[Collected data entries]
——
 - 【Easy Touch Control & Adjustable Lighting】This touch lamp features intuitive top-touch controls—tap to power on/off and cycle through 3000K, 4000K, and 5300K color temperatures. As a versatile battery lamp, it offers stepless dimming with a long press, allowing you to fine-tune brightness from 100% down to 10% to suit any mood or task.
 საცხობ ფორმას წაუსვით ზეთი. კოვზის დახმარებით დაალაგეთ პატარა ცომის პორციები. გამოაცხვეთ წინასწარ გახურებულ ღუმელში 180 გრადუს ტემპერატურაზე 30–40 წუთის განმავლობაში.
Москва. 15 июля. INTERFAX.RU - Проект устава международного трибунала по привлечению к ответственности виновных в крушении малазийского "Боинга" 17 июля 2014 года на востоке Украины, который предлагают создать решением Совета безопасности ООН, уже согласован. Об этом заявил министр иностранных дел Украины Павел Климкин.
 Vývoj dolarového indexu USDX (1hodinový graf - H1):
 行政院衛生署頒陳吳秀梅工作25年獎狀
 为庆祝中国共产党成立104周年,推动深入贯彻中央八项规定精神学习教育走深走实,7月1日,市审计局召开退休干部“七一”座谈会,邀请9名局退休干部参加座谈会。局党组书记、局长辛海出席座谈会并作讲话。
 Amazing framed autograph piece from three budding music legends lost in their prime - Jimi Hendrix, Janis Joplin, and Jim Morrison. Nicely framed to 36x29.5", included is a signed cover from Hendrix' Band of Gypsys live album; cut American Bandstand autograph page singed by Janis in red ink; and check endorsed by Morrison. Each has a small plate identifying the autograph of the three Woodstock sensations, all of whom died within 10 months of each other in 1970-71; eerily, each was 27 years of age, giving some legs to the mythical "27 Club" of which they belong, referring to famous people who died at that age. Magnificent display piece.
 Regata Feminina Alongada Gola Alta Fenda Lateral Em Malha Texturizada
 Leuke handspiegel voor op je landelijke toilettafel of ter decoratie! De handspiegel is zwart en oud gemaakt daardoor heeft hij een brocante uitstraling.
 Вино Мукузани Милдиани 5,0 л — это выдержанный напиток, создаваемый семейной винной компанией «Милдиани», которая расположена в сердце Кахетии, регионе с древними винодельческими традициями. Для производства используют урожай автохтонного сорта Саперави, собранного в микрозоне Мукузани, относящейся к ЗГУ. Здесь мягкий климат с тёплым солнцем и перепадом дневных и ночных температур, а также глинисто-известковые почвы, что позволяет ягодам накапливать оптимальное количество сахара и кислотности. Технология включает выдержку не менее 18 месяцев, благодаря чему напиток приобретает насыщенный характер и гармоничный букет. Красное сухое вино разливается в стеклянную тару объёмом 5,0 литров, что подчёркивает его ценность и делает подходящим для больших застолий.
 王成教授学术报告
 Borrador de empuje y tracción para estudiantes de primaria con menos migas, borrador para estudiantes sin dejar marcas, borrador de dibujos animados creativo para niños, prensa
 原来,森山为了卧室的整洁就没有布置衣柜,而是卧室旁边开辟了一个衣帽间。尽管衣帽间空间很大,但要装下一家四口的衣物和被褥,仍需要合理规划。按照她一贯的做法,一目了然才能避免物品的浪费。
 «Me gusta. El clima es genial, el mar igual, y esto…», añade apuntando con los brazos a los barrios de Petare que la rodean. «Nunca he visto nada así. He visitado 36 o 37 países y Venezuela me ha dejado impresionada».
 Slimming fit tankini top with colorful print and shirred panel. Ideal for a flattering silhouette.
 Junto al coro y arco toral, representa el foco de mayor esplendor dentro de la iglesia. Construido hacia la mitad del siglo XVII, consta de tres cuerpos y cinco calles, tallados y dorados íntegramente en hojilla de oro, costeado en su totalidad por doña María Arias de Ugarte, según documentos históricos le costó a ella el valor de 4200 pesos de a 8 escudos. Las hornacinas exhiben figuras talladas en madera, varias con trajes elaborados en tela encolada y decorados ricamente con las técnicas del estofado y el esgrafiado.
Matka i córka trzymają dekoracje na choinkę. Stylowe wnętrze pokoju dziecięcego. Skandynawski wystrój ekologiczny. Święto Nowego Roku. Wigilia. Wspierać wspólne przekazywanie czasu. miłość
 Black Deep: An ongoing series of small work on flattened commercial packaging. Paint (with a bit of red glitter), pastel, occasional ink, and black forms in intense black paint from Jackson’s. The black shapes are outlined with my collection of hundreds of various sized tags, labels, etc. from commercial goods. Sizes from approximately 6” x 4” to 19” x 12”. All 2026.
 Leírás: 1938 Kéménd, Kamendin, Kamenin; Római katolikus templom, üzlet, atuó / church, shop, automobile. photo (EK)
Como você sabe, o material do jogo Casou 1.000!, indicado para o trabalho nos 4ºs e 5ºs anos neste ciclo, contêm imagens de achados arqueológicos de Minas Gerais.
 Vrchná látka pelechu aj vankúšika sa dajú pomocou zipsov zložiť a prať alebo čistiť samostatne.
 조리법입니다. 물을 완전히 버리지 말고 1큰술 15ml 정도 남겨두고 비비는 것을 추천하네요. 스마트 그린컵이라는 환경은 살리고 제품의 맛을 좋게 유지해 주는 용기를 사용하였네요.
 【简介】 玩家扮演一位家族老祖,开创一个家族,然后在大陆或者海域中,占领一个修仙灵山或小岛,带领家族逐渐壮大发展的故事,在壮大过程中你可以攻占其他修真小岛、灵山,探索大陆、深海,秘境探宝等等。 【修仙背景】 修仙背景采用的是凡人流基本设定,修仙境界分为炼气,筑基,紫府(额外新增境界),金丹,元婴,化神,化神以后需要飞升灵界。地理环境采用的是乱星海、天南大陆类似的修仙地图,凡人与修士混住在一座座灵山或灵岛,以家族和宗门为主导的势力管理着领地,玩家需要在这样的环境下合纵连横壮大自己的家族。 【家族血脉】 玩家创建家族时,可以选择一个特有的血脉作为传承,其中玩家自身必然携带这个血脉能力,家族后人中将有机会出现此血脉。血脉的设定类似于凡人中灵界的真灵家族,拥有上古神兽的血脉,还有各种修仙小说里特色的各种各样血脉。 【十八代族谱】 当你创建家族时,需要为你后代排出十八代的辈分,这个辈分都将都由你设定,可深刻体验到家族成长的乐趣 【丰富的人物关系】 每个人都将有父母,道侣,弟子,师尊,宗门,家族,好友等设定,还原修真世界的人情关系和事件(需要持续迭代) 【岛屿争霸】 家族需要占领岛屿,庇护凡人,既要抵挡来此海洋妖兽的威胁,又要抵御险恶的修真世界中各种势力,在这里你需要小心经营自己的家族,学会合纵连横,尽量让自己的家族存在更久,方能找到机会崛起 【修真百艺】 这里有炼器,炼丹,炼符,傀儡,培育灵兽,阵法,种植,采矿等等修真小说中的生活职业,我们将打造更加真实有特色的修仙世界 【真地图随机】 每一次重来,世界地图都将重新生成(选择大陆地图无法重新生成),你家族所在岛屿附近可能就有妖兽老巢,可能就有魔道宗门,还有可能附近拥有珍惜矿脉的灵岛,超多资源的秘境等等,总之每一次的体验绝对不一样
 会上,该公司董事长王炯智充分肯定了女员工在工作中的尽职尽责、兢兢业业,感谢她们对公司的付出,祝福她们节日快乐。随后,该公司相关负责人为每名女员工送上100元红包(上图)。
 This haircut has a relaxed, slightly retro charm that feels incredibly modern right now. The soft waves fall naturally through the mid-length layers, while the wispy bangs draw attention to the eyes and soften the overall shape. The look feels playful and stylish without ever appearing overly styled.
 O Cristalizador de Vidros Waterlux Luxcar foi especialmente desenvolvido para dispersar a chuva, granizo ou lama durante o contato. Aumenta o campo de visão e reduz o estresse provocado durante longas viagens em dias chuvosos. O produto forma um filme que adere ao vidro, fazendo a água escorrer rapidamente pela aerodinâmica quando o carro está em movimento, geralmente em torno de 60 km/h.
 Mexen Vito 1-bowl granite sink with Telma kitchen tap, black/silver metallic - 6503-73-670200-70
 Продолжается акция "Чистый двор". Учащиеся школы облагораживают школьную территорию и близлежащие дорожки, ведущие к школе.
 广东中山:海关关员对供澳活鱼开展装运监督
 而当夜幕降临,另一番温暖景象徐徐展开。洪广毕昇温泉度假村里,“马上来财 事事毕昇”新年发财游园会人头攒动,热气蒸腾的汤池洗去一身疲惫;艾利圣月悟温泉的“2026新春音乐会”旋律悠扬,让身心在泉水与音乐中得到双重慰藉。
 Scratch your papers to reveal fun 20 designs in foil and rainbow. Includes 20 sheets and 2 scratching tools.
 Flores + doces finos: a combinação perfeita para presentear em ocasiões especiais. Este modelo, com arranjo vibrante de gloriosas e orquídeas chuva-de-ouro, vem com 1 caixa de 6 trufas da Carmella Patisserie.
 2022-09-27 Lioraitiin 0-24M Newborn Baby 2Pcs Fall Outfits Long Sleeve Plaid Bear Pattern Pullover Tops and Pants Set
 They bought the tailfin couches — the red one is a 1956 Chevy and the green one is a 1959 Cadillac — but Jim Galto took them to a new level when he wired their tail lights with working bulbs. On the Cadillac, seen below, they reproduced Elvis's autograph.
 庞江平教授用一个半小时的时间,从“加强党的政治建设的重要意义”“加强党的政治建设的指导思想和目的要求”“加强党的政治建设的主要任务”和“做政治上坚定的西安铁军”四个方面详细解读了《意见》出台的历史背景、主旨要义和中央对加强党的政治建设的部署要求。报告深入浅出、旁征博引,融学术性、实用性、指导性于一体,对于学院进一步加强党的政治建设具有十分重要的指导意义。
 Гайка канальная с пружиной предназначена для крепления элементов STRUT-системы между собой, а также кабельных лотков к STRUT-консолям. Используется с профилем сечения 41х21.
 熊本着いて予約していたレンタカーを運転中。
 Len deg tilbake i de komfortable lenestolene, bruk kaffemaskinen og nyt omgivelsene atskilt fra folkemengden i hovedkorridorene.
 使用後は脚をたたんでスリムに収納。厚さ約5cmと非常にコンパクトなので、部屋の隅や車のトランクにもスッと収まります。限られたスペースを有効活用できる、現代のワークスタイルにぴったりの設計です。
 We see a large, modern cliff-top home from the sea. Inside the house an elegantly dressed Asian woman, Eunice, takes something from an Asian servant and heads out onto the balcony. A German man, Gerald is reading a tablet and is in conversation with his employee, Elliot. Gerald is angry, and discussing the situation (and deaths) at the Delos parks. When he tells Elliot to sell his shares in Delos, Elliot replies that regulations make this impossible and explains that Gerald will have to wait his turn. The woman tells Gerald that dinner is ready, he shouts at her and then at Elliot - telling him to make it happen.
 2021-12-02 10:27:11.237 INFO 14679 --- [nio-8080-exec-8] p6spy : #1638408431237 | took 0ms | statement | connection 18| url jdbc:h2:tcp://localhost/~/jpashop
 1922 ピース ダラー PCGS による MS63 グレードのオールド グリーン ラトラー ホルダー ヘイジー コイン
——
YOUR TASK
From the records above, give again exactly the lines running from the line with "Black Deep: An" to the line with "会上,该公司董事长王炯智充分", inclusive.

SOLVED EXERCISE
 Black Deep: An ongoing series of small work on flattened commercial packaging. Paint (with a bit of red glitter), pastel, occasional ink, and black forms in intense black paint from Jackson’s. The black shapes are outlined with my collection of hundreds of various sized tags, labels, etc. from commercial goods. Sizes from approximately 6” x 4” to 19” x 12”. All 2026.
 Leírás: 1938 Kéménd, Kamendin, Kamenin; Római katolikus templom, üzlet, atuó / church, shop, automobile. photo (EK)
Como você sabe, o material do jogo Casou 1.000!, indicado para o trabalho nos 4ºs e 5ºs anos neste ciclo, contêm imagens de achados arqueológicos de Minas Gerais.
 Vrchná látka pelechu aj vankúšika sa dajú pomocou zipsov zložiť a prať alebo čistiť samostatne.
 조리법입니다. 물을 완전히 버리지 말고 1큰술 15ml 정도 남겨두고 비비는 것을 추천하네요. 스마트 그린컵이라는 환경은 살리고 제품의 맛을 좋게 유지해 주는 용기를 사용하였네요.
 【简介】 玩家扮演一位家族老祖,开创一个家族,然后在大陆或者海域中,占领一个修仙灵山或小岛,带领家族逐渐壮大发展的故事,在壮大过程中你可以攻占其他修真小岛、灵山,探索大陆、深海,秘境探宝等等。 【修仙背景】 修仙背景采用的是凡人流基本设定,修仙境界分为炼气,筑基,紫府(额外新增境界),金丹,元婴,化神,化神以后需要飞升灵界。地理环境采用的是乱星海、天南大陆类似的修仙地图,凡人与修士混住在一座座灵山或灵岛,以家族和宗门为主导的势力管理着领地,玩家需要在这样的环境下合纵连横壮大自己的家族。 【家族血脉】 玩家创建家族时,可以选择一个特有的血脉作为传承,其中玩家自身必然携带这个血脉能力,家族后人中将有机会出现此血脉。血脉的设定类似于凡人中灵界的真灵家族,拥有上古神兽的血脉,还有各种修仙小说里特色的各种各样血脉。 【十八代族谱】 当你创建家族时,需要为你后代排出十八代的辈分,这个辈分都将都由你设定,可深刻体验到家族成长的乐趣 【丰富的人物关系】 每个人都将有父母,道侣,弟子,师尊,宗门,家族,好友等设定,还原修真世界的人情关系和事件(需要持续迭代) 【岛屿争霸】 家族需要占领岛屿,庇护凡人,既要抵挡来此海洋妖兽的威胁,又要抵御险恶的修真世界中各种势力,在这里你需要小心经营自己的家族,学会合纵连横,尽量让自己的家族存在更久,方能找到机会崛起 【修真百艺】 这里有炼器,炼丹,炼符,傀儡,培育灵兽,阵法,种植,采矿等等修真小说中的生活职业,我们将打造更加真实有特色的修仙世界 【真地图随机】 每一次重来,世界地图都将重新生成(选择大陆地图无法重新生成),你家族所在岛屿附近可能就有妖兽老巢,可能就有魔道宗门,还有可能附近拥有珍惜矿脉的灵岛,超多资源的秘境等等,总之每一次的体验绝对不一样
 会上,该公司董事长王炯智充分肯定了女员工在工作中的尽职尽责、兢兢业业,感谢她们对公司的付出,祝福她们节日快乐。随后,该公司相关负责人为每名女员工送上100元红包(上图)。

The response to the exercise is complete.